No, this time, Paul pushes George off and reaches for a tissue from the box on the bedside table, taking his cock in hand and wanking right up and close to George’s face, and George’s mouth feels wet and bruised and his jaw aches, but he can’t stop staring at the motion of Paul’s hand against his cock, and he’s never thought cocks could be pretty before, but Christ, he thinks Paul’s is, which is not something he can ever, ever tell him lest his bloody ego gets so big it books its own tour, and George can only watch as Paul comes into the tissue with a whine.
Time seems to slow again, and George is only half aware of his own straining erection, the way his hips are moving against the mattress, humping some of the bundled up duvet. Only vaguely, because he can’t stop thinking about putting Paul’s spent cock back in his mouth, or of going next door and maybe seeing if he can suck John off for the first time instead, or - - Christ, fingers, a cigarette, the sharp point of Paul’s hip, and the latter’s right there, so he does that, working his mouth to suck a hickey there, but Paul exhales above him and is suddenly hooking his hands in George’s armpits and tugging him up the bed instead.

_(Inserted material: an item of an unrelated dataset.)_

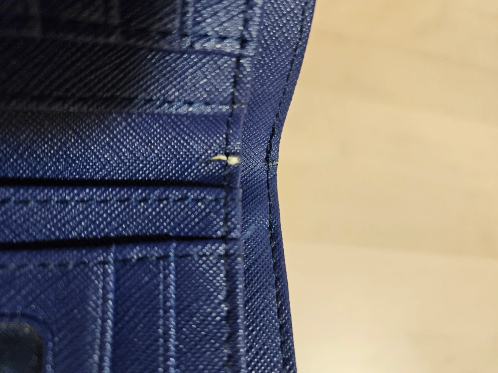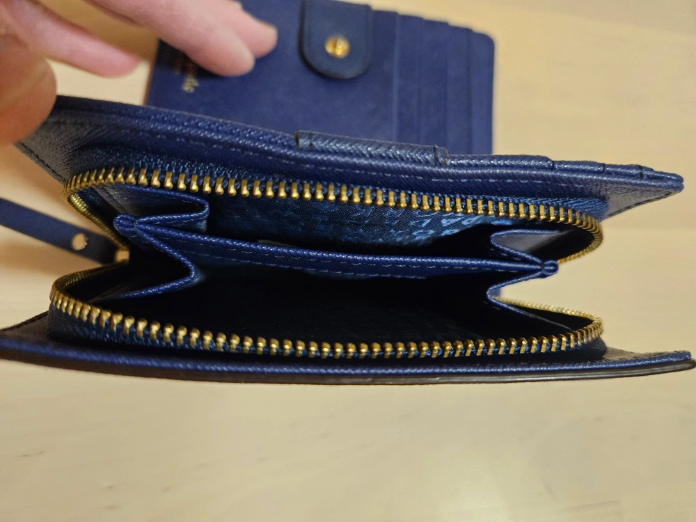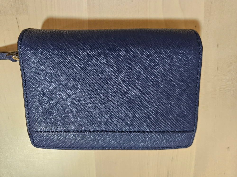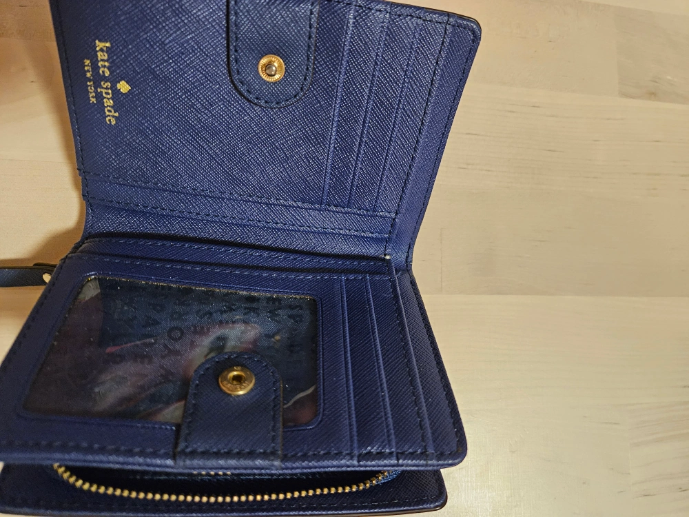Compact wallet, navy blue, zip closure. Multiple card slots and a clear ID window. Gold-toned hardware. Pre-owned in good condition. Except there is a minor crack on the inside (see photos 5).

He doesn’t wriggle his own way down the bed, no, instead, Paul just shoves George’s pyjama pants and his underwear down his thighs and takes him in hand, a practiced, patient exercise that George still remembers from Hamburg, until George is panting desperately in his shoulder, and Paul does something with his wrist that is definitely new, and definitely makes George feel like he could cry.
“It’s not a competition, you know,” Paul says suddenly, tone knowing and a little haughty, and George knows he’s only saying it because if it was a competition, Paul would be winning, as bloody always. George bucks his hips, as if to say that, and Paul presses a hand to the back of George’s neck to keep his head pressed into his shoulder. “You don’t have to prove something, if that’s what this was all about just now. Not to me and not to John either. You know we’ll look after you, Georgie.”
And he hates it, the way he whines, the way he sucks on Paul’s shoulder just because he can, and it’s only another tug, maybe two, before he’s spilling into Paul’s fist, and then he really does feel spent, thrusting loose and wobbly through the aftershocks of his orgasm, and Paul’s grip is firm on the back of his neck. Outside, the girls scream, and for the first time tonight he can actually hear them, but Paul’s hand keeps him steady, keeps him here, in his skin, even as he lifts his soiled hand to wipe George’s come off onto his t-shirt.
“Look after each other, don’t we?” Paul says, voice softer than it was a minute ago, and yeah, George thinks, they do.